What you may not realize, however, is why the government is so keen to protect its own pharma revenue stream. 
Simply put, it costs a lot of money to develop new drugs. According to Bill Bryson in The Body (2019), on average, a billion dollars invested will get you one-third of a new drug, not even a complete one. 
Bill Bryson, The Body (2019)
Innovation within such a front-loaded system generally means only "Big Pharma" can participate, and research focuses on chronic illnesses like cancer and mental health issues--not life-saving new antibiotics, which work too quickly to generate recurring revenue. [Andrew Lo's Adaptive Markets (2017) proposes better ways of funding pharma R&D, but his ideas haven't caught on.]

America's funding paradigm incentivizes unnecessary diagnoses of mental health issues, autism, and other long-term conditions; worse yet, attaching the imprimatur of science to greed reduces the credibility of experts as well as academics.

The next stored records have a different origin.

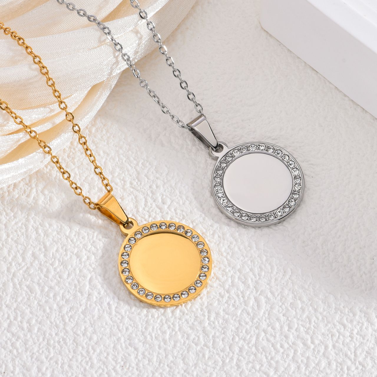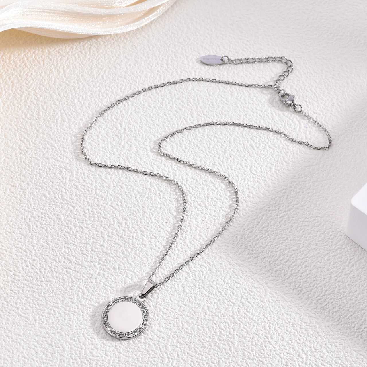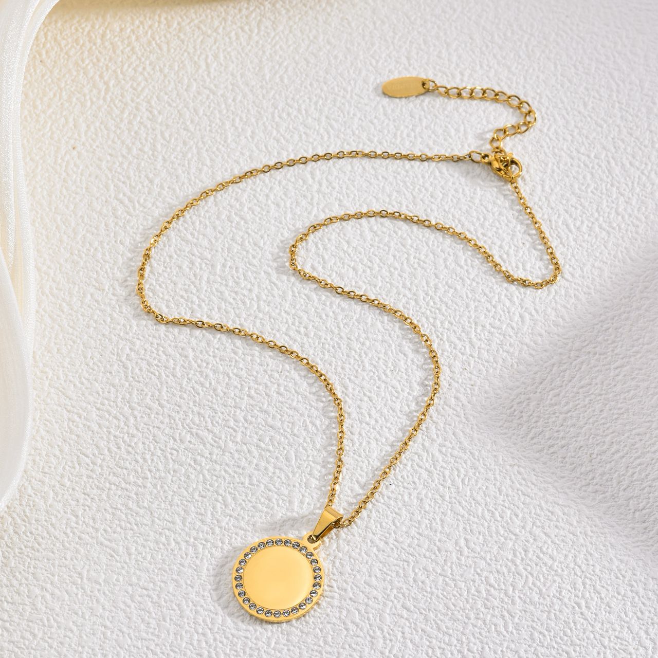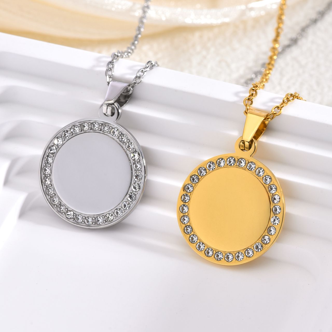 Deine feine Kette mit einem Namensplättchen umgeben mit Zirkonia steinchen. Die Plättchen werden maschinell auf bis zu drei Zeilen graviert und im Anschluss fertigpoliert, ganz individuell, wie du es möchtest.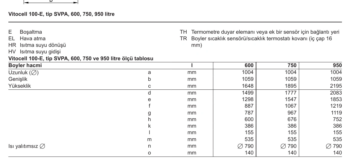 Teknik çizimle birlikte verilen ölçü tablosunda SVPA 950 litre için ek ölçüler de bulunur. Bu tabloda d ölçüsü 2083 mm, e ölçüsü 1853 mm, f ölçüsü 1219 mm, g ölçüsü 1119 mm, h ölçüsü 752 mm, k ölçüsü 386 mm, l ölçüsü 155 mm, m ölçüsü 535 mm, ısı yalıtımsız çap n ölçüsü Ø790 mm ve o ölçüsü 140 mm olarak verilir. Bu ölçüler, tesisat çıkış kotları ve bağlantı planlaması için oldukça yararlıdır.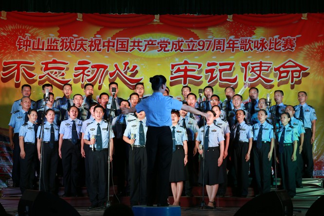 为深入贯彻党的十九大精神,加强爱国主义教育,庆祝建党97周年,唱响爱国主旋律,7月3日晚上,钟山监狱在大礼堂隆重举行“不忘初心 牢记使命”礼赞十九大爱国歌曲大家唱歌咏比赛,监狱、公司领导和400名警察职工以及驻监武警中队参加了比赛。

Let's talk about how I found myself in a psychiatrist's office playing word association games at a rate of 300 to 400 dollars per hour. I've had weak ankles since a teenager, and after another swollen twist, I mentioned my despondence. My doctor, hearing Pavlovian bells of negligence, asked if I wanted to be referred to a psychiatrist. Having more free time due to an inability to play basketball, I agreed. Under the ACA, each state may create its own "competitive" marketplace, and mine is called "Covered California." Members can choose from platinum, gold, silver, or bronze plans, but the older you are, the more prohibitive the costs of anything above bare-bones bronze. In the beginning, insurers tried excluding mental health coverage to offer better cost-benefit propositions or more than de facto catastrophic coverage.   
Unfortunately, California's state legislature nixed the mental health and substance abuse opt-out, which it could do because once again, states dictate the terms and conditions of insurance coverage on state exchanges, not the federal government. (Incredibly, inclusive mental health coverage is more common than useful dental coverage, a distortion caused by pharma R&D costs being subsidized through insurance reimbursements, plus government's intent to delegate mental health and addiction issues to Big Pharma and religious entities rather than asylums, prisons, or clinics.)
Had insurance companies capped physical rehabilitation treatments to twice per month or not covered epidurals during childbirth, governmental intervention would be welcomed, but almost all medical coverage categories are general, figuring doctors should determine treatment, not legislators. Here, national legislators devised a healthcare program covering all Americans at reasonable prices, only to see courts and state legislators whack insurer flexibility and federal enforcement, thus reducing cost-effective options and oversight. 

A dysfunctional dynamic within government increases complexity and the likelihood of divided realities, especially when few Americans understand the law; conveniently, such ignorance leads voters to blame faraway Congress instead of nearby state and local politicians.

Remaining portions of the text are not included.